## DATA EXCERPT
• • • • •
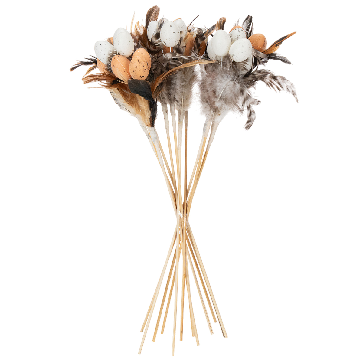 Künstliche Wachteleier Deko Federn am Stab 36cm 12St
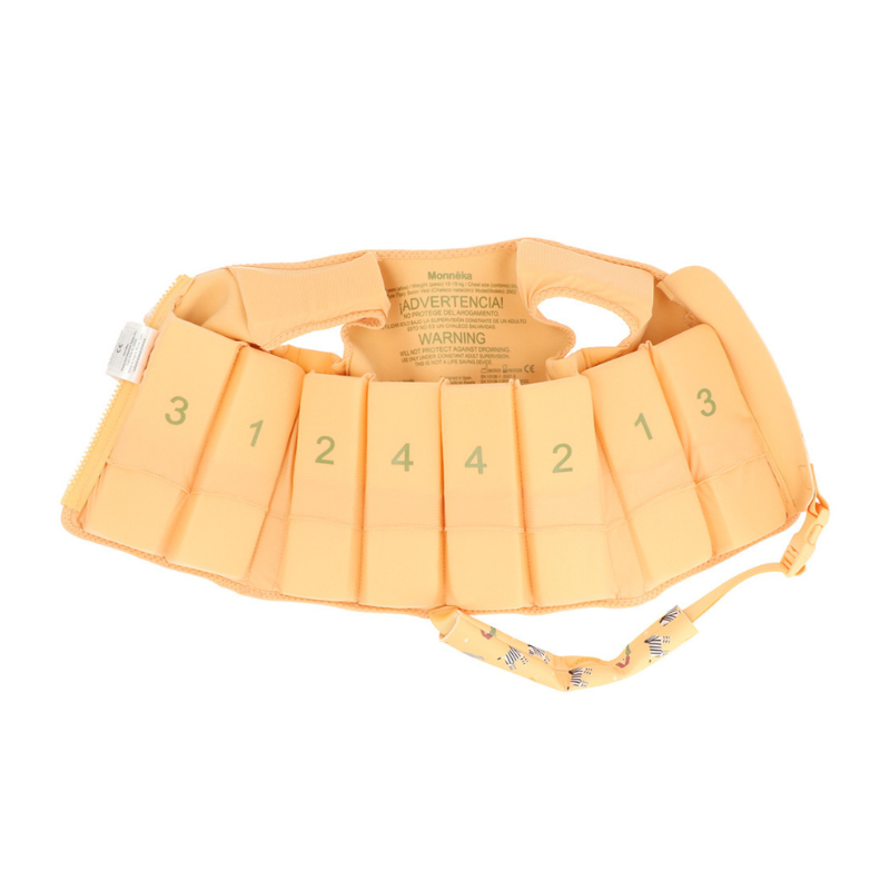 O Colete Flutuante da Coleção Verão 2026 Monnëka foi desenhado para os pequenos que estão a dar os primeiros passos dentro de água. Com flutuadores que se vão tirando um a um, à medida que a criança ganha segurança. Com uma fita entre as pernas que impede o colete de subir. Com proteção nas axilas, fecho robusto e um design que respeita os movimentos dos braços.
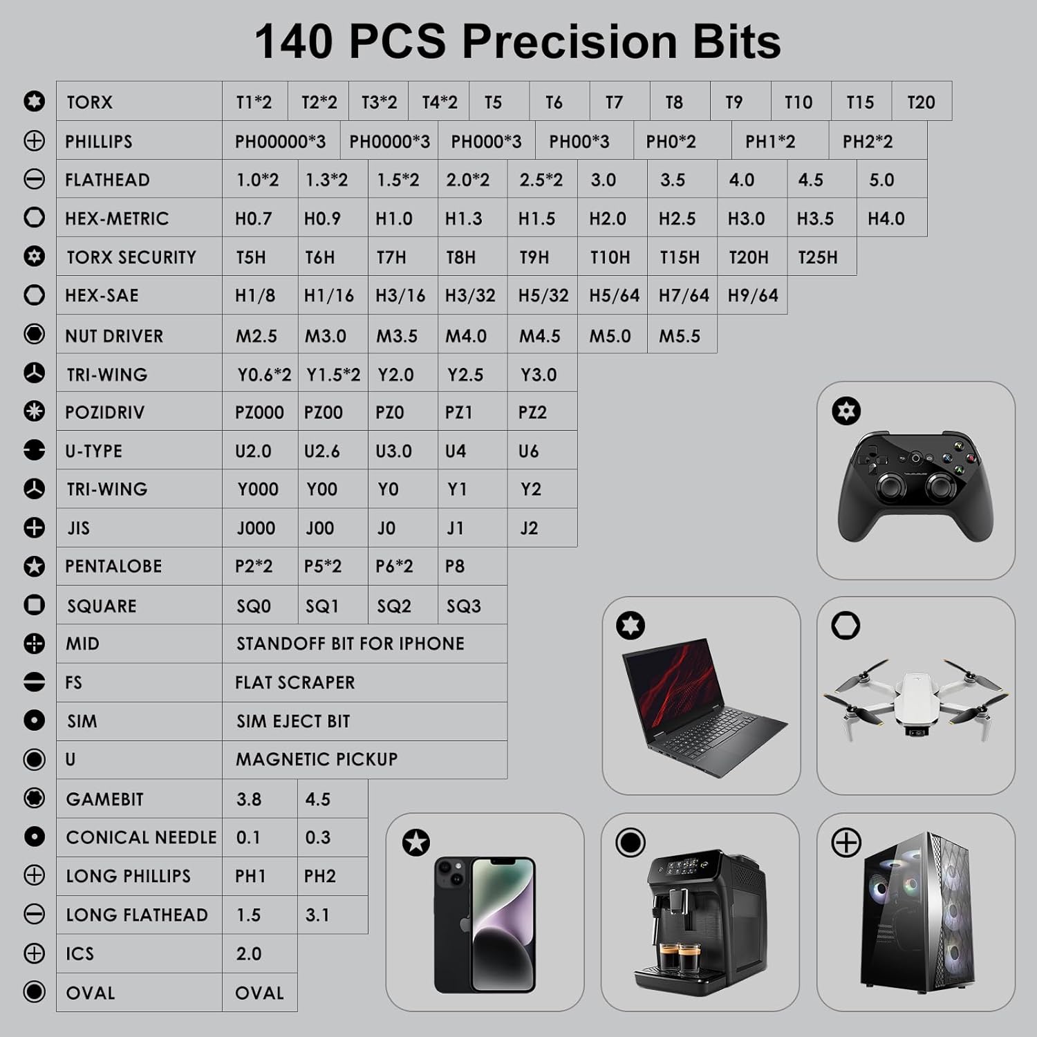 - 【Wider Application】The STREBITO Precision Screwdriver Set is professionally designed for electronic repair. With 140 precision bits - Phillips, Pentalobe, Torx Security, Star, SAE/Metric Hex, JIS, Flat Head, Triwing, Triangle, Square and more, this screwdriver kit is versatile to meet your different daily use, such as PC, Computer, Laptop, Cell Phone, Macbook, RC Car, Drone, Nintendo switch, PS4 Controller Console, Watch, Eyeglass, Coffee Machine, Ring Doorbell, and other IT tech devices
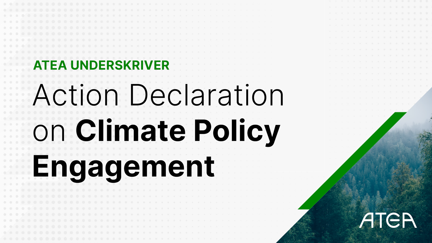 Atea er kåret som verdens mest bæredygtige virksomhed inden for it-tjenester, ifølge Global 100-indeksmålingen udgivet af det canadiske medie- og analysefirma, Corporate Knights. Atea er fortsat i front, hvilket underskriften på initiativet Action Declaration on Climate Policy Engagement bekræfter. Atea er medunderskriver sammen med over 50 globale virksomheder, der tilsammen har en omsætning på over 900 milliarder dollars, det vil sige næsten én procent af hele verdens samlede BNP.
• • • • •
## BRIEF
Apart from the pictures, every line of the data above should be given again exactly.

## FINAL ANSWER
 Künstliche Wachteleier Deko Federn am Stab 36cm 12St
 O Colete Flutuante da Coleção Verão 2026 Monnëka foi desenhado para os pequenos que estão a dar os primeiros passos dentro de água. Com flutuadores que se vão tirando um a um, à medida que a criança ganha segurança. Com uma fita entre as pernas que impede o colete de subir. Com proteção nas axilas, fecho robusto e um design que respeita os movimentos dos braços.
 - 【Wider Application】The STREBITO Precision Screwdriver Set is professionally designed for electronic repair. With 140 precision bits - Phillips, Pentalobe, Torx Security, Star, SAE/Metric Hex, JIS, Flat Head, Triwing, Triangle, Square and more, this screwdriver kit is versatile to meet your different daily use, such as PC, Computer, Laptop, Cell Phone, Macbook, RC Car, Drone, Nintendo switch, PS4 Controller Console, Watch, Eyeglass, Coffee Machine, Ring Doorbell, and other IT tech devices
 Atea er kåret som verdens mest bæredygtige virksomhed inden for it-tjenester, ifølge Global 100-indeksmålingen udgivet af det canadiske medie- og analysefirma, Corporate Knights. Atea er fortsat i front, hvilket underskriften på initiativet Action Declaration on Climate Policy Engagement bekræfter. Atea er medunderskriver sammen med over 50 globale virksomheder, der tilsammen har en omsætning på over 900 milliarder dollars, det vil sige næsten én procent af hele verdens samlede BNP.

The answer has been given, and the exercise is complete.